Classification of Tandem Repeats in the Human Genome

  • Authors:
  • Yupu Liang;Dina Sokol;Sarah Zelikovitz;Sarah Ita Levitan

  • Affiliations:
  • Department of Computer Science, City University of New York, New York, NY, USA;Department of Computer and Information Science, Brooklyn College of CUNY, Brooklyn, NY, USA;Department of Computer Science, College of Staten Island of CUNY, Staten Island, NY, USA;Department of Computer Science, Brooklyn College of CUNY, Brooklyn, NY, USA

  • Venue:
  • International Journal of Knowledge Discovery in Bioinformatics
  • Year:
  • 2012

Quantified Score

Hi-index 0.00

Visualization

Abstract

Tandem repeats in DNA sequences are extremely relevant in biological phenomena and diagnostic tools. Computational programs that discover these tandem repeats generate a huge volume of data, which is often difficult to decipher without further organization.

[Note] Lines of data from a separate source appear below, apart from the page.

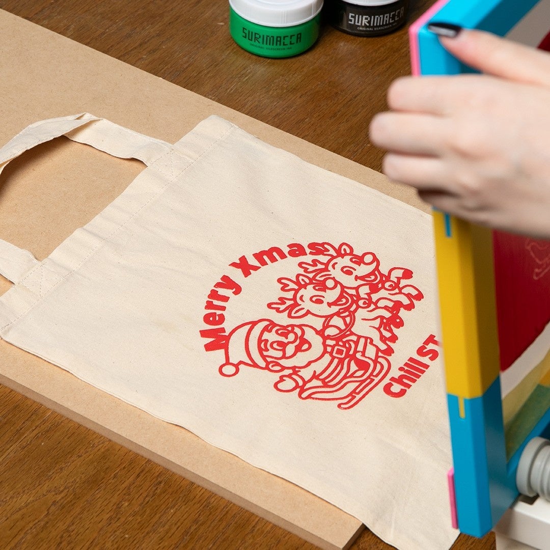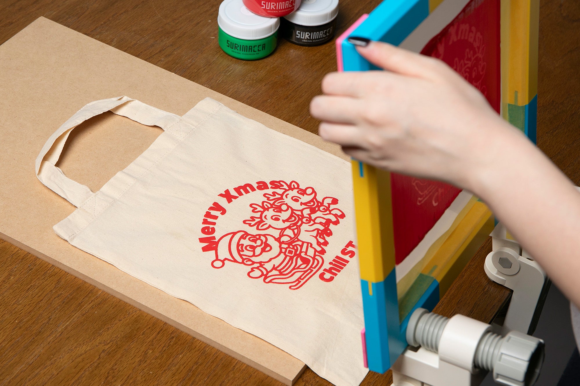 内容:Chill STで商品を購入してくださった方を対象に、Chill STオリジナルシルクスクリーン体験を開催。無地のA4トートバックに自分で場所とデザインを選び印字し、オリジナルのバッグを作成していただけます。
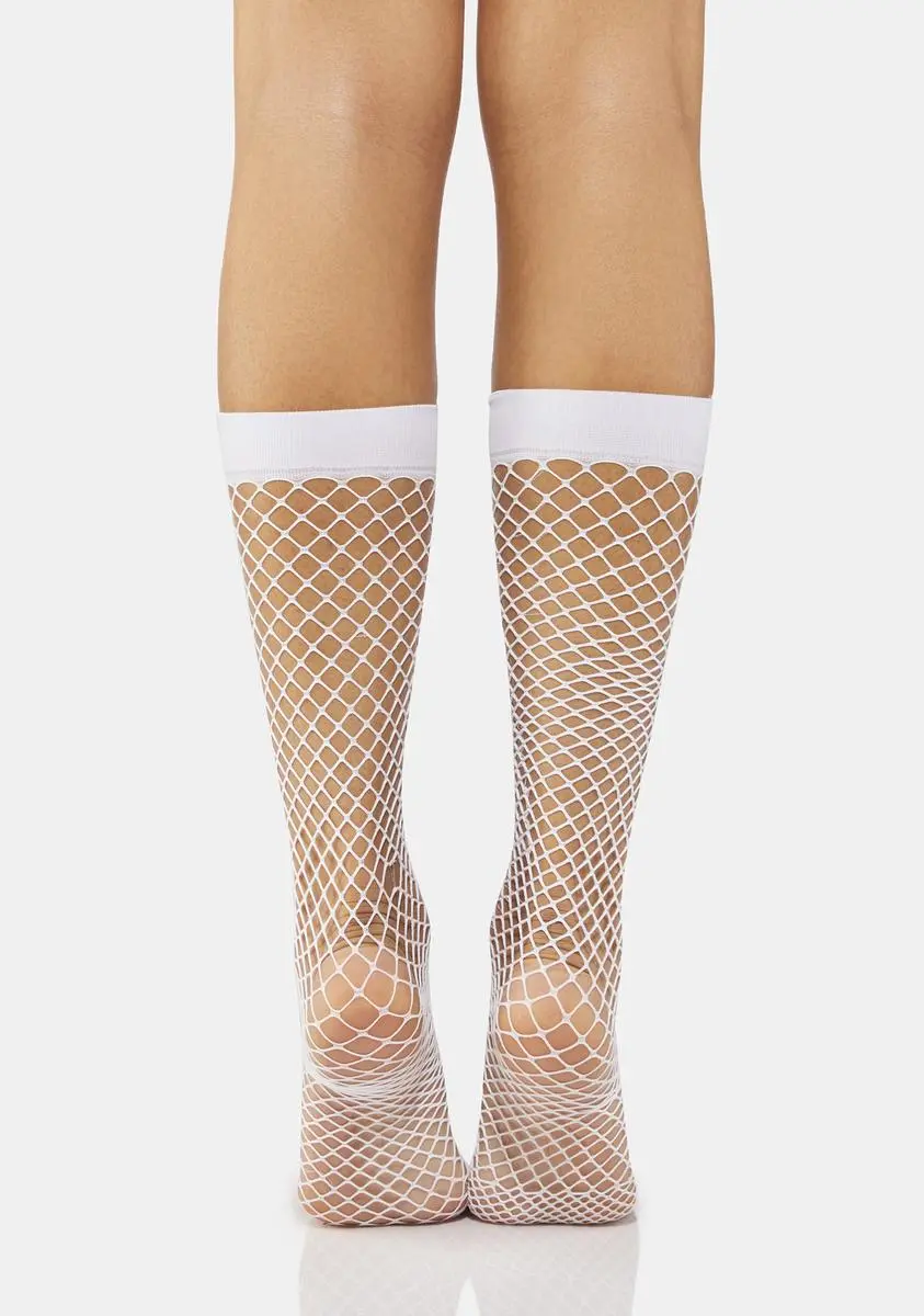 cuz you’re not from this planet, babe! These stretchy fishnet socks have alien head charms on the front.
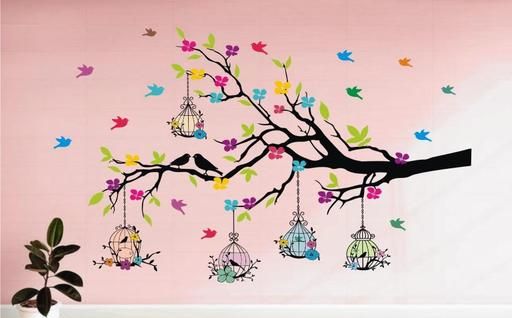 Name: - Medium - Tree Branches With Birdcage And Flower- Wallsticker wall sticker Stickers Multicolour
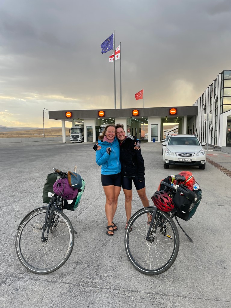 Noch einmal den Berg hoch und bisschen geradeaus, dann taucht er plötzlich auf, mitten in der Pampa – der Grenzübergang ins lang ersehnte Land, Georgien! Die Grenzer sind locker drauf. Lassen uns einfach durchfahren, ohne in die Radtaschen zu schauen. Zum Glück! Ich habe zum Beispiel eine angebrochene Konserve mit Tomatenmark am Start. Die Plastiktüte drumherum ist auch schon bisschen rot verschmiert. Könnte für Irritationen sorgen…Aber alles easy.
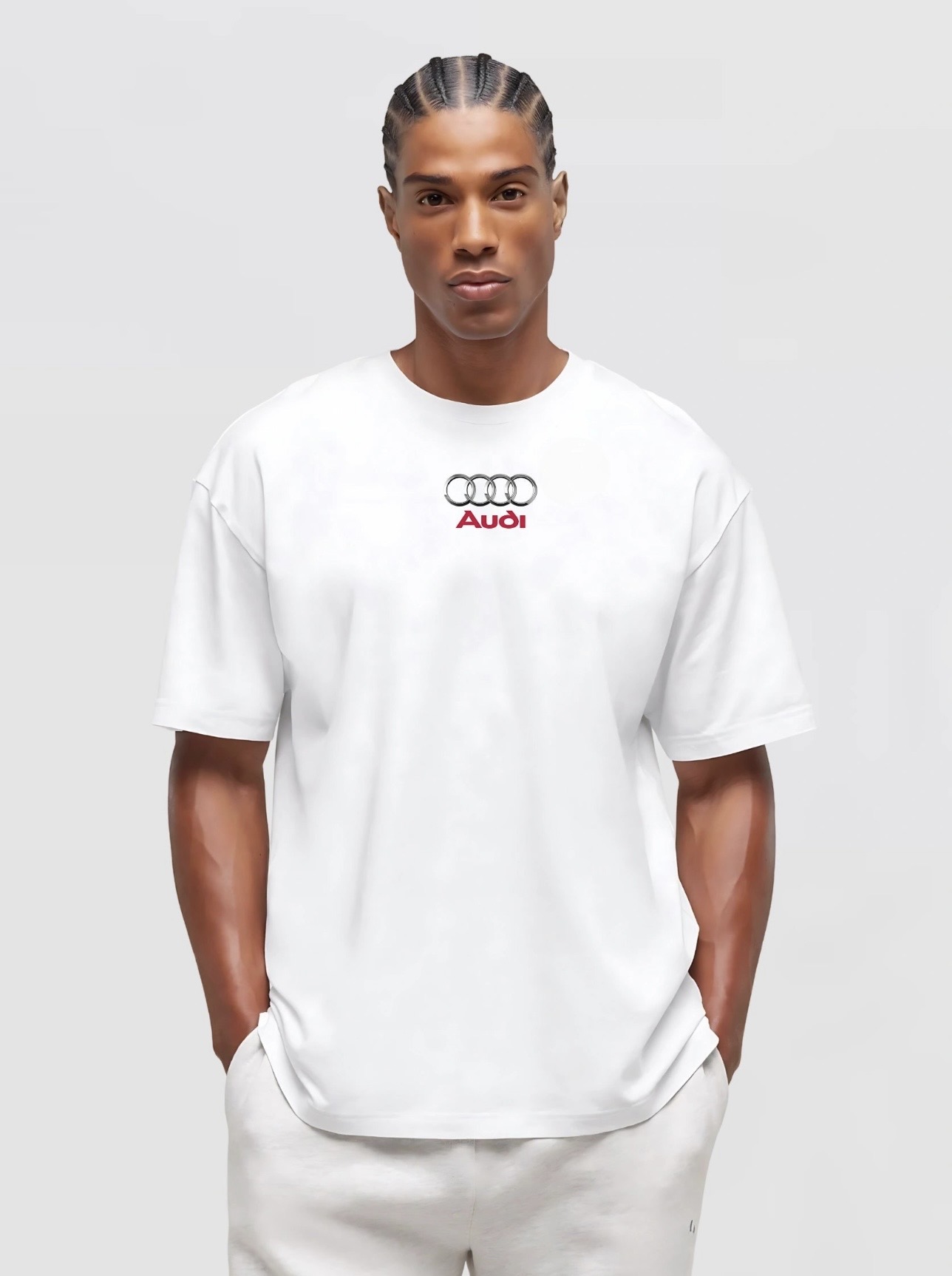 Unleash the power of the rings with the R8 Spyder V10 Oversized Tee. Featuring a technical performance-spec graphic and iconic “quattro” branding on a premium heavyweight black base, this tee is a bold, high-octane tribute to the pinnacle of Audi?s supercar engineering.
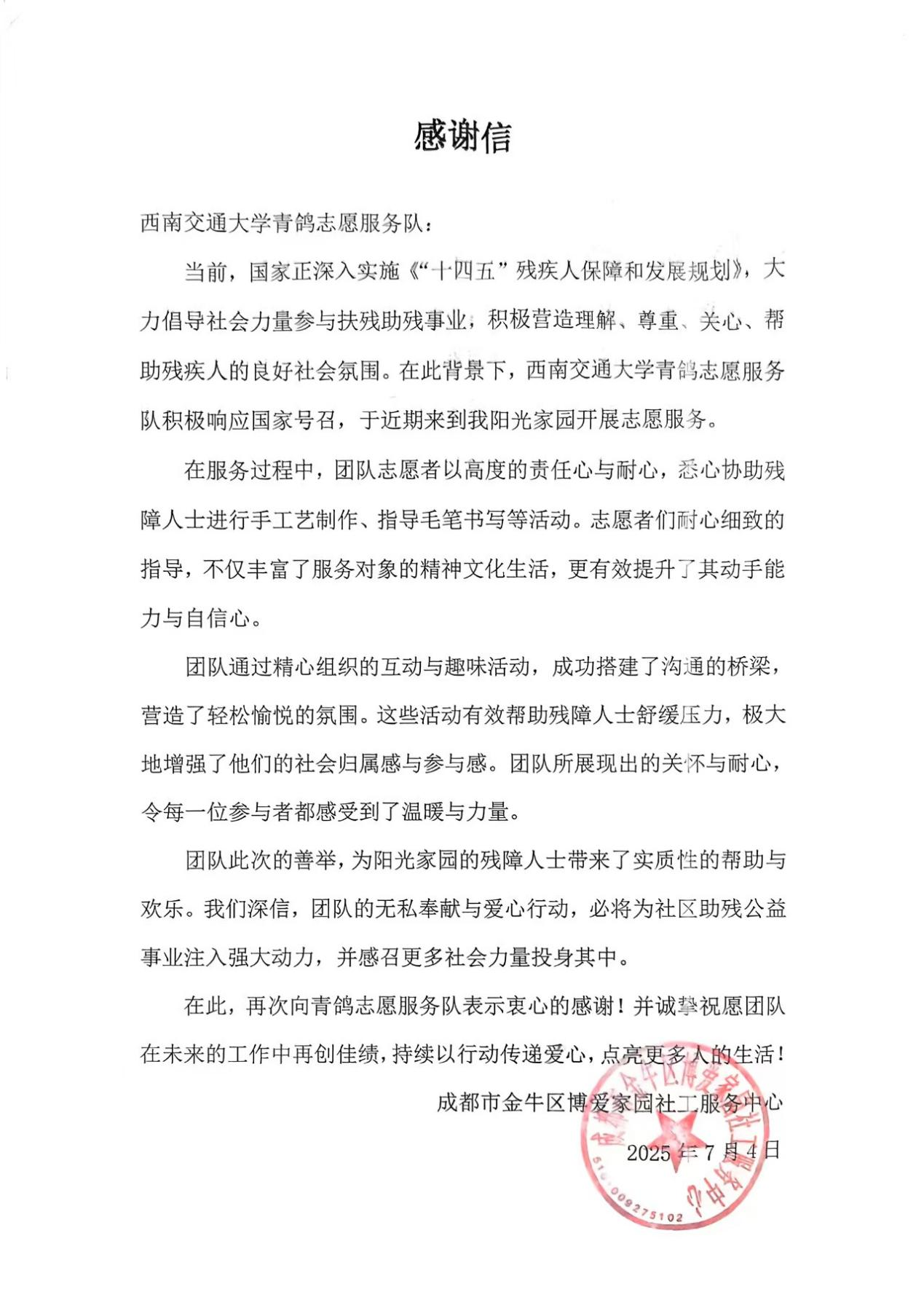 青鸽志愿服务队积极响应号召,于近日在成都市金牛区阳光家园开展了以“众爱助残碍,群善汇福珊”为主题的专项志愿活动。此次活动专为智力障碍的“大孩子们”量身打造,通过一系列丰富多彩的内容,为他们送去关爱与温暖,助力其健康成长。

In this paper, the authors describe a new method for post-processing tandem repeats through clustering and classification. Their work presents multiple ways of expressing tandem repeats using the n-gram model with different clustering distance measures. Analysis of the clusters for the tandem repeats in the human genome shows that the method yields a well-defined grouping in which similarity among repeats is apparent. The authors' new, alignment-free method facilitates the analysis of the myriad of tandem repeats that occur in the human genome and they believe that this work will lead to new discoveries on the roles, origins, and significance of tandem repeats.